Sigh. Is this going to be a thing, Matthew? People are going to talk.
I prefaced it all by stressing that I was taking a contrarian position, but I got called out big time for my contrarianism, both in the comments and, more recently, by the Macalope over at Macworld.
Well, saying you're being a contrarian doesn't inure you from criticism. Being a contrarian means you take an opinion contrary to popular belief, not one contrary to all evidence.
Now, if you had said it was parody, well, that would have made more sense.

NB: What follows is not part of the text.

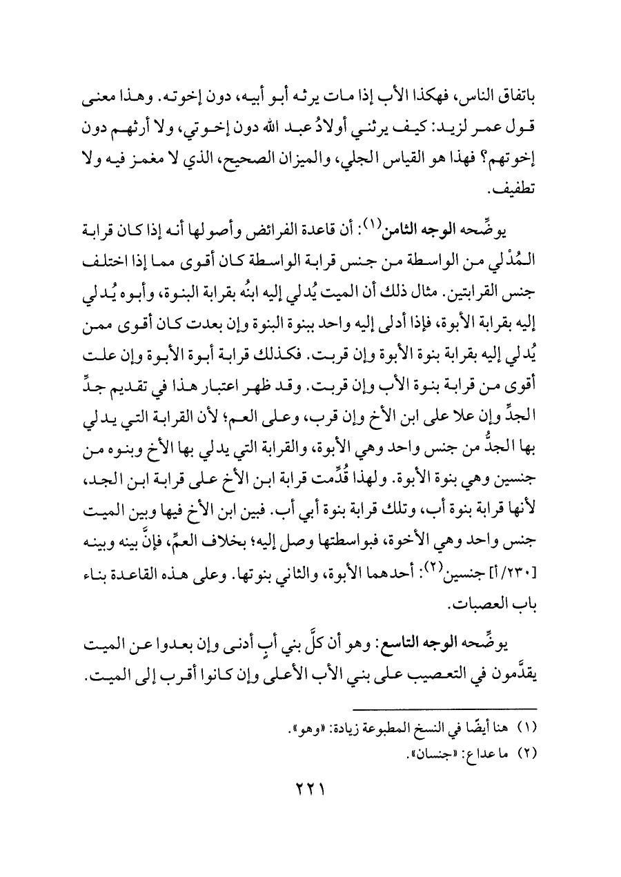 يوضِّحه الوجه الثامن (¬١): أن قاعدة الفرائض وأصولها أنه إذا كان قرابة المُدْلي من الواسطة من جنس قرابة الواسطة كان أقوى مما إذا اختلف جنس القرابتين. مثال ذلك أن الميت يُدلي إليه ابنُه بقرابة البنوة، وأبوه يُدلي إليه بقرابة الأبوة، فإذا أدلى إليه واحد ببنوة البنوة وإن بعدت كان أقوى ممن يُدلي إليه بقرابة بنوة الأبوة وإن قربت. فكذلك قرابة أبوة الأبوة وإن علت أقوى من قرابة بنوة الأب وإن قربت. وقد ظهر اعتبار هذا في تقديم جدِّ الجدِّ وإن علا على ابن الأخ وإن قرب، وعلى العم؛ لأن القرابة التي يدلي بها الجدُّ من جنس واحد وهي الأبوة، والقرابة التي يدلي بها الأخ وبنوه من جنسين وهي بنوة الأبوة. ولهذا قُدِّمت قرابة ابن الأخ على قرابة ابن الجد، لأنها قرابة بنوة أب، وتلك قرابة بنوة أبي أب. فبين ابن الأخ فيها وبين الميت جنس واحد وهي الأخوة، فبواسطتها وصل إليه؛ بخلاف العمِّ، فإنَّ بينه وبينه [٢٣٠/أ] جنسين (¬٢): أحدهما الأبوة، والثاني بنوتها. وعلى هذه القاعدة بناء باب العصبات.

The Macalope then sets about dismantling my Fail! arguments. The thread of reasoning that undergirds it all is that the iPhone 5 won't fail because the iPhone 4S wasn't failing. All the stuff that Apple was being urged to do with the iPhone 5 was kinda sorta unnecessary because the iPhone 4S was still plenty popular. They didn't even need the stinkin' iPhone 5!
The Macalope doesn't quite agree with your summarization of his argument--the point was more that people have said every iPhone since 2007 would fail and here we are, but let's let that lie and proceed to fresher, more happenin' material than this moldy stuff from earlier this week.
Nevertheless, there remain reasons why the Apple iPhone 5 could fail:
Ah! Now we're at "could"! See, Matthew, "could" is different than "will," which is not only what you said previously but what's in your headline. Really. Those words have different meanings. You can look them up.
It won't make the big fourth quarter number.
DeBord calls Apple's record-breaking pre-orders a "neat trick" and notes:
A stunning debut won't matter if Apple doesn't take it to the finish line. That's where markets are looking for growth, and for Apple, the bar is high here.
Well, sure, but record pre-orders is still a positive early indicator and the markets sure seem pretty optimistic. It's possible sales could plummet after the launch, but the horny one sees no reason why the iPhone 5 won't be a hot holiday item.
Also, let's remember the iPhone 4 which is now "free." It is, of course, not really free, you just don't pay up front for it. Apple still makes money on it and it and the now cheaper iPhone 4S still count as iPhone sales.
iPhone 5 users will be stuck with a behind-the-curve phone for 2 years.